(Beginning of Material provided)

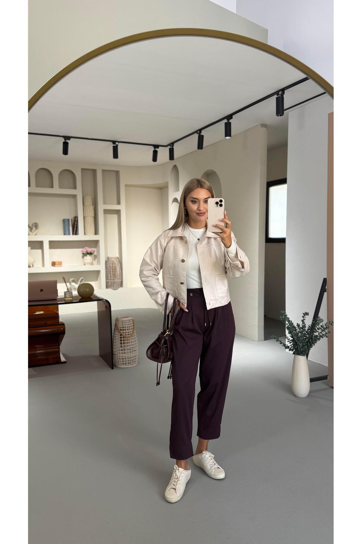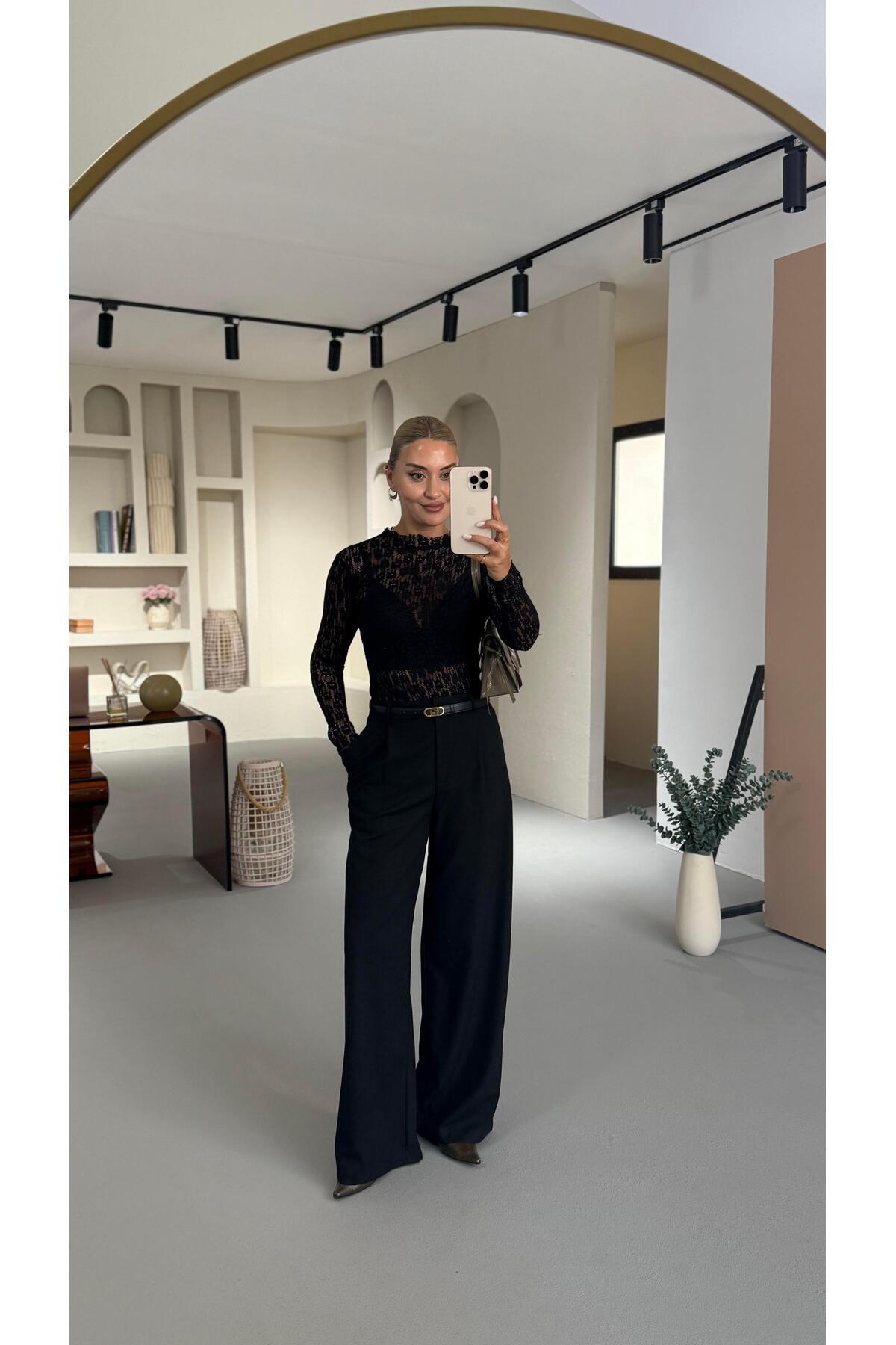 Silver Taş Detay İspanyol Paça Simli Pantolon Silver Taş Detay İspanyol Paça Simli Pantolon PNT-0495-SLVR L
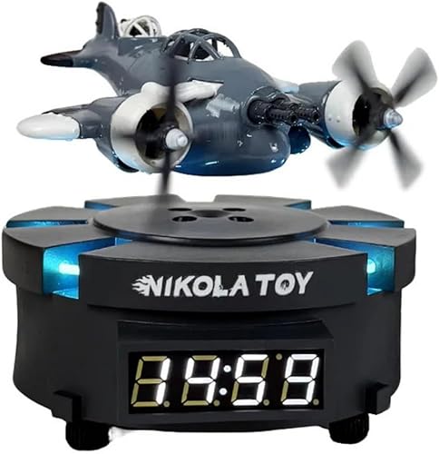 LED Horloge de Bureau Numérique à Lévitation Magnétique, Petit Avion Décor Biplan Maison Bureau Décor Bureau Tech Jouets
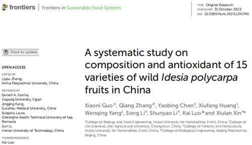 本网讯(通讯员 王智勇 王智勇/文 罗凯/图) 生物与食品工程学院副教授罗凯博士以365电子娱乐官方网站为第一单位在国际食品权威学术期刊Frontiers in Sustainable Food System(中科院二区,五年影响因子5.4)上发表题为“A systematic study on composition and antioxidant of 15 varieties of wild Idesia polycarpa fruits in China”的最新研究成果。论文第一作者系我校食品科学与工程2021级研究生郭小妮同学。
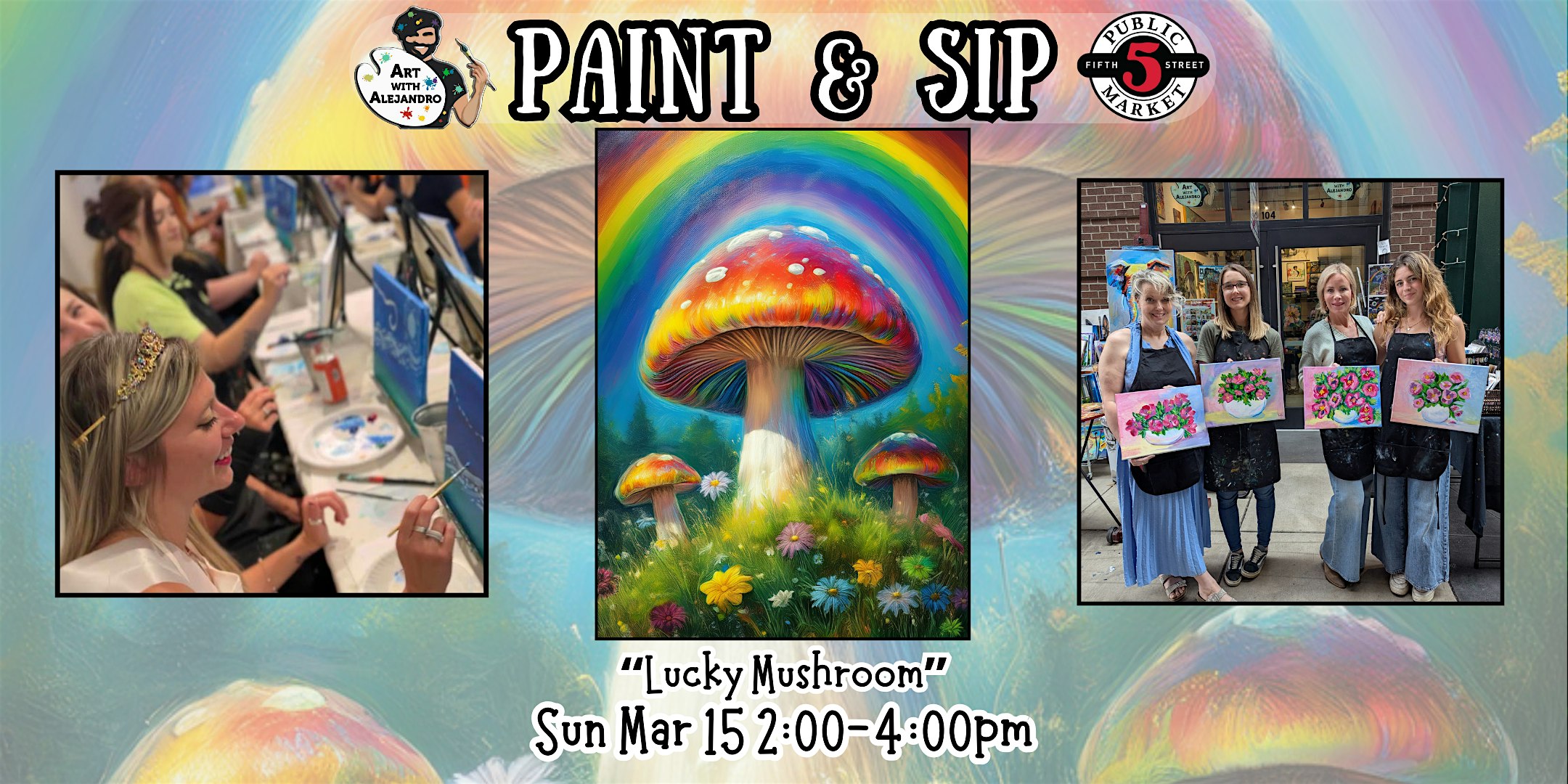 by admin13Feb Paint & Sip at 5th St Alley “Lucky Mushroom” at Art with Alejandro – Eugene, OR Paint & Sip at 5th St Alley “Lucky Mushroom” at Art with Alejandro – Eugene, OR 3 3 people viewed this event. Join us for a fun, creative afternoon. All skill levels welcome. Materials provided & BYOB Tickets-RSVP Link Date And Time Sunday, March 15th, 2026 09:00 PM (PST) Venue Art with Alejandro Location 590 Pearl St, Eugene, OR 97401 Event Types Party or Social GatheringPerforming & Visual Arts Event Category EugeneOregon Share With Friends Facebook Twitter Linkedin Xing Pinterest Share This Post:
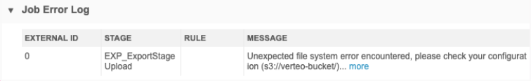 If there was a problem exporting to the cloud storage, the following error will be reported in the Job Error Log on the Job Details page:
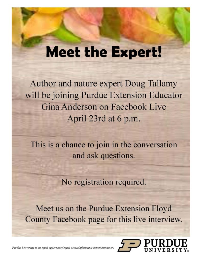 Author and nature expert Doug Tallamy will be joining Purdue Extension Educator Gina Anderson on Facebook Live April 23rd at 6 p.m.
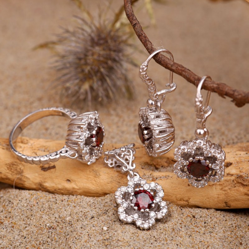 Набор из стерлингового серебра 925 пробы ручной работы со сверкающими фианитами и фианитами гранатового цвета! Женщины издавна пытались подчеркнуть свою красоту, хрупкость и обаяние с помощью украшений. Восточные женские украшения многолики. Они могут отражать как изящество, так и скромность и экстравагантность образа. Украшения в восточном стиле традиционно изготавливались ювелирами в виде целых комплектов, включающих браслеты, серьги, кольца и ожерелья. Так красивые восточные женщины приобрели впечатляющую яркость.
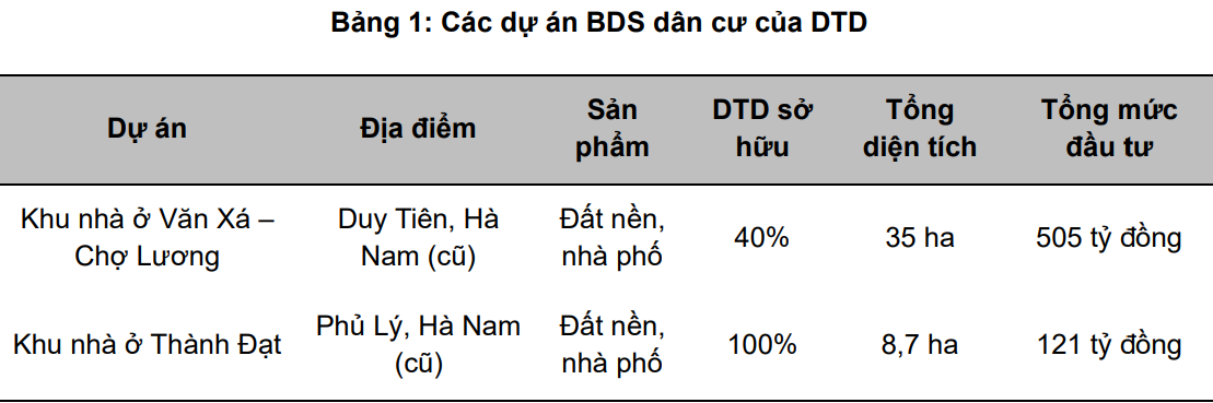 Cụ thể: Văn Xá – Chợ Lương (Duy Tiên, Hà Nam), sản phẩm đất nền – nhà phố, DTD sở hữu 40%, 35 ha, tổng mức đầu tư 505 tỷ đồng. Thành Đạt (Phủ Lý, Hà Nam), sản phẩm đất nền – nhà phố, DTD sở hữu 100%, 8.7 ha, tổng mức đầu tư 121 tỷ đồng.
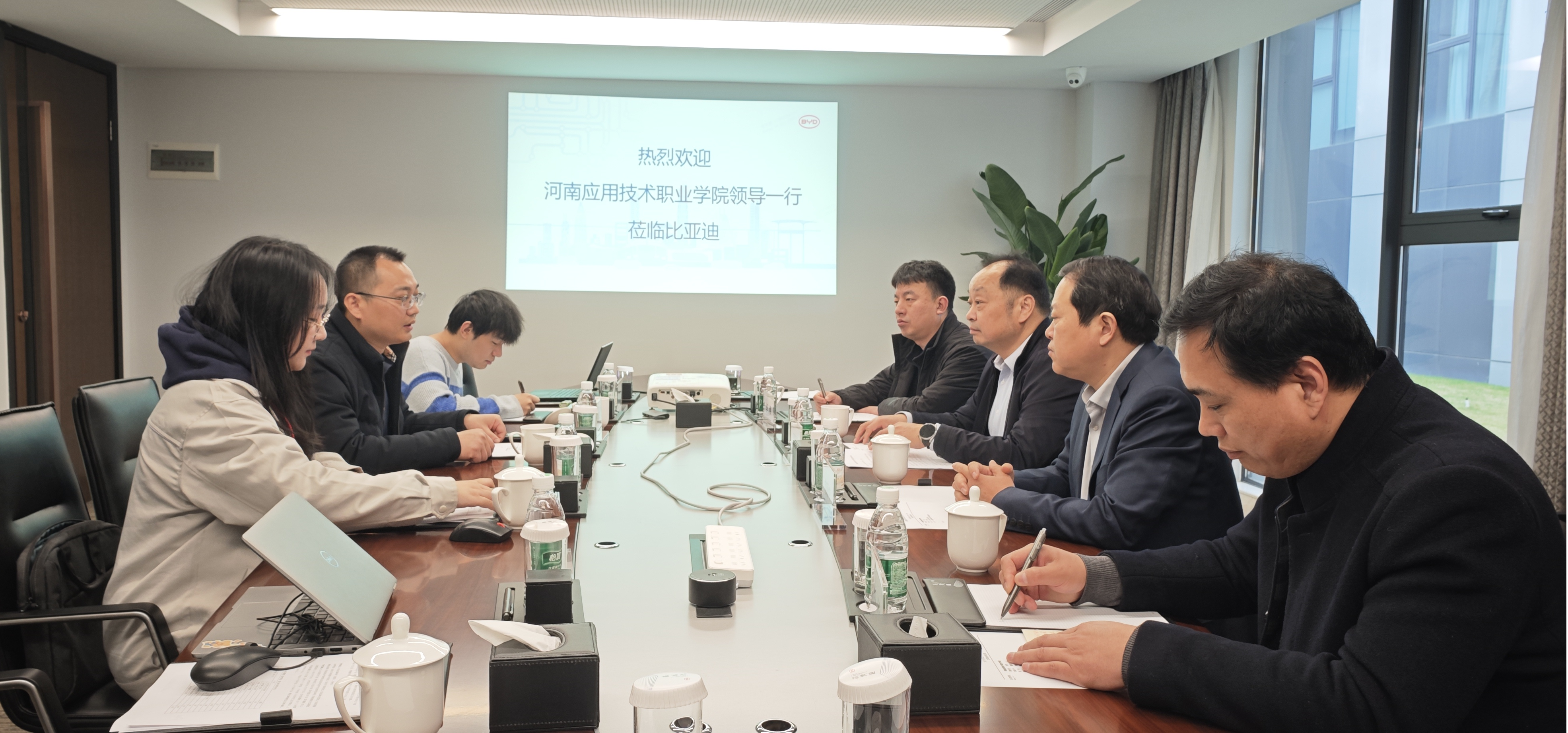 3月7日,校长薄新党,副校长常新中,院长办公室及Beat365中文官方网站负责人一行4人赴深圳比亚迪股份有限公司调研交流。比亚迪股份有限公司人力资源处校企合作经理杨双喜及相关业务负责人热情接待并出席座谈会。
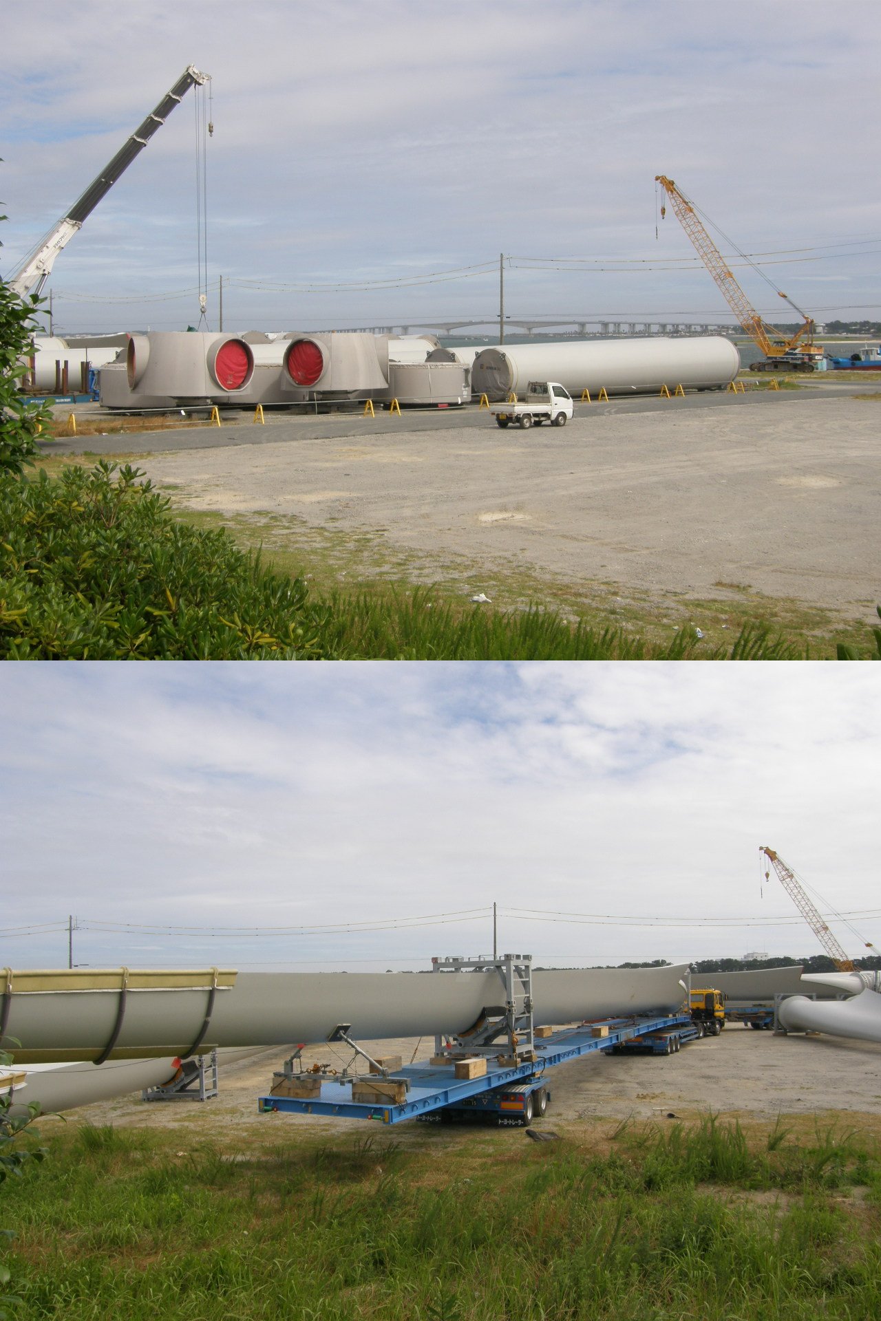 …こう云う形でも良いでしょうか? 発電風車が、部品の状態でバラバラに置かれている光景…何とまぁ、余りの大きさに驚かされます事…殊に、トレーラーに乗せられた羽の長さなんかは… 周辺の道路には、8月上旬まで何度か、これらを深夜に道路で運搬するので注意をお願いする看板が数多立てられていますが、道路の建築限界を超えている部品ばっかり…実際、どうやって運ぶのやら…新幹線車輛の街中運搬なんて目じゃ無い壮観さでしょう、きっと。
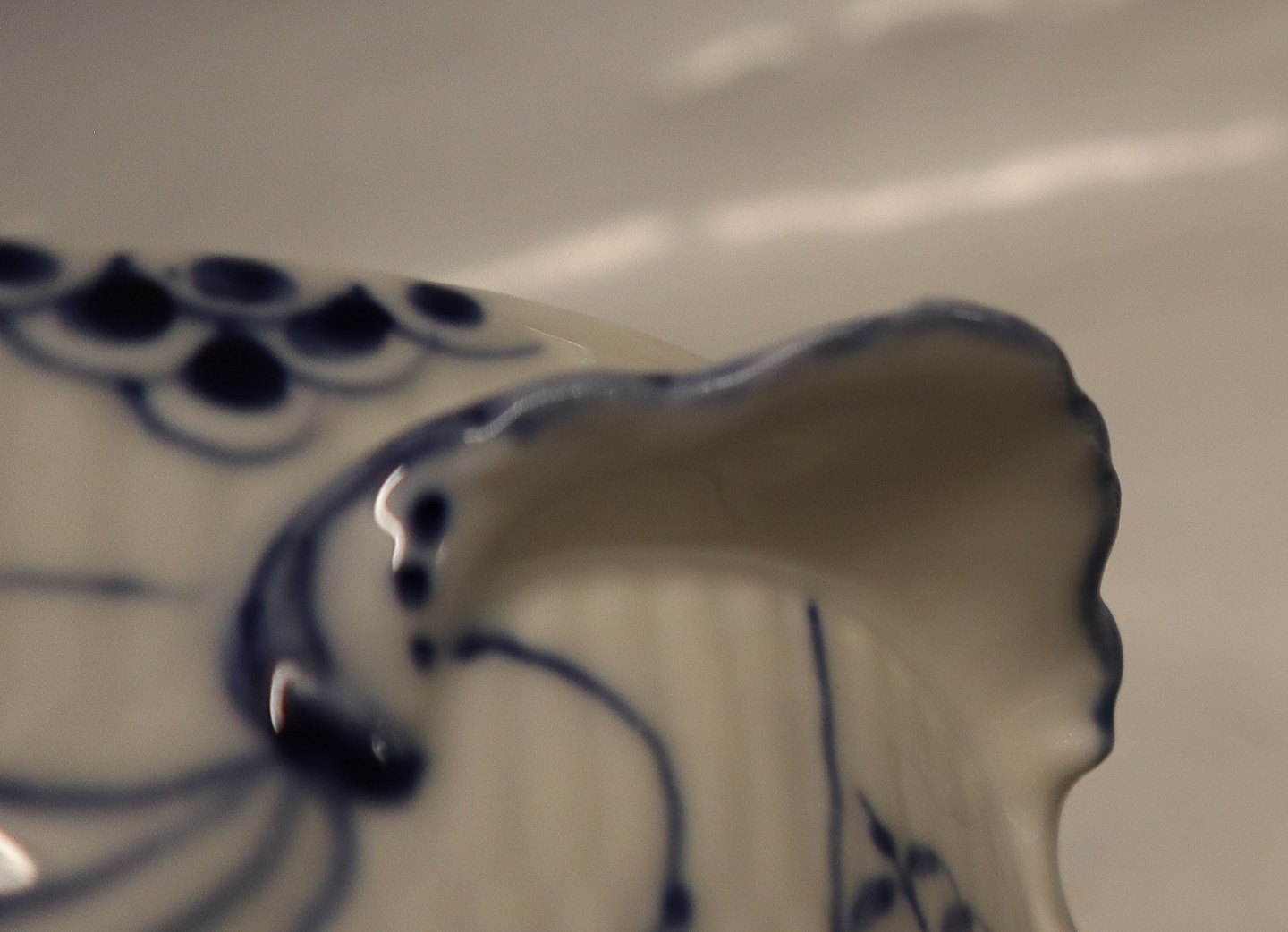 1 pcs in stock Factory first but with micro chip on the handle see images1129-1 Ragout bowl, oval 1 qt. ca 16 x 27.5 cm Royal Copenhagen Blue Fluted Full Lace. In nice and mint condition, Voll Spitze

(End of Material provided)

Problem details: Only the text of the records above is to be reproduced, exactly as given; the pictures are dropped.

Response to the task:
 Silver Taş Detay İspanyol Paça Simli Pantolon Silver Taş Detay İspanyol Paça Simli Pantolon PNT-0495-SLVR L
 LED Horloge de Bureau Numérique à Lévitation Magnétique, Petit Avion Décor Biplan Maison Bureau Décor Bureau Tech Jouets
 本网讯(通讯员 王智勇 王智勇/文 罗凯/图) 生物与食品工程学院副教授罗凯博士以365电子娱乐官方网站为第一单位在国际食品权威学术期刊Frontiers in Sustainable Food System(中科院二区,五年影响因子5.4)上发表题为“A systematic study on composition and antioxidant of 15 varieties of wild Idesia polycarpa fruits in China”的最新研究成果。论文第一作者系我校食品科学与工程2021级研究生郭小妮同学。
 by admin13Feb Paint & Sip at 5th St Alley “Lucky Mushroom” at Art with Alejandro – Eugene, OR Paint & Sip at 5th St Alley “Lucky Mushroom” at Art with Alejandro – Eugene, OR 3 3 people viewed this event. Join us for a fun, creative afternoon. All skill levels welcome. Materials provided & BYOB Tickets-RSVP Link Date And Time Sunday, March 15th, 2026 09:00 PM (PST) Venue Art with Alejandro Location 590 Pearl St, Eugene, OR 97401 Event Types Party or Social GatheringPerforming & Visual Arts Event Category EugeneOregon Share With Friends Facebook Twitter Linkedin Xing Pinterest Share This Post:
 If there was a problem exporting to the cloud storage, the following error will be reported in the Job Error Log on the Job Details page:
 Author and nature expert Doug Tallamy will be joining Purdue Extension Educator Gina Anderson on Facebook Live April 23rd at 6 p.m.
 Набор из стерлингового серебра 925 пробы ручной работы со сверкающими фианитами и фианитами гранатового цвета! Женщины издавна пытались подчеркнуть свою красоту, хрупкость и обаяние с помощью украшений. Восточные женские украшения многолики. Они могут отражать как изящество, так и скромность и экстравагантность образа. Украшения в восточном стиле традиционно изготавливались ювелирами в виде целых комплектов, включающих браслеты, серьги, кольца и ожерелья. Так красивые восточные женщины приобрели впечатляющую яркость.
 Cụ thể: Văn Xá – Chợ Lương (Duy Tiên, Hà Nam), sản phẩm đất nền – nhà phố, DTD sở hữu 40%, 35 ha, tổng mức đầu tư 505 tỷ đồng. Thành Đạt (Phủ Lý, Hà Nam), sản phẩm đất nền – nhà phố, DTD sở hữu 100%, 8.7 ha, tổng mức đầu tư 121 tỷ đồng.
 3月7日,校长薄新党,副校长常新中,院长办公室及Beat365中文官方网站负责人一行4人赴深圳比亚迪股份有限公司调研交流。比亚迪股份有限公司人力资源处校企合作经理杨双喜及相关业务负责人热情接待并出席座谈会。
 …こう云う形でも良いでしょうか? 発電風車が、部品の状態でバラバラに置かれている光景…何とまぁ、余りの大きさに驚かされます事…殊に、トレーラーに乗せられた羽の長さなんかは… 周辺の道路には、8月上旬まで何度か、これらを深夜に道路で運搬するので注意をお願いする看板が数多立てられていますが、道路の建築限界を超えている部品ばっかり…実際、どうやって運ぶのやら…新幹線車輛の街中運搬なんて目じゃ無い壮観さでしょう、きっと。
 1 pcs in stock Factory first but with micro chip on the handle see images1129-1 Ragout bowl, oval 1 qt. ca 16 x 27.5 cm Royal Copenhagen Blue Fluted Full Lace. In nice and mint condition, Voll Spitze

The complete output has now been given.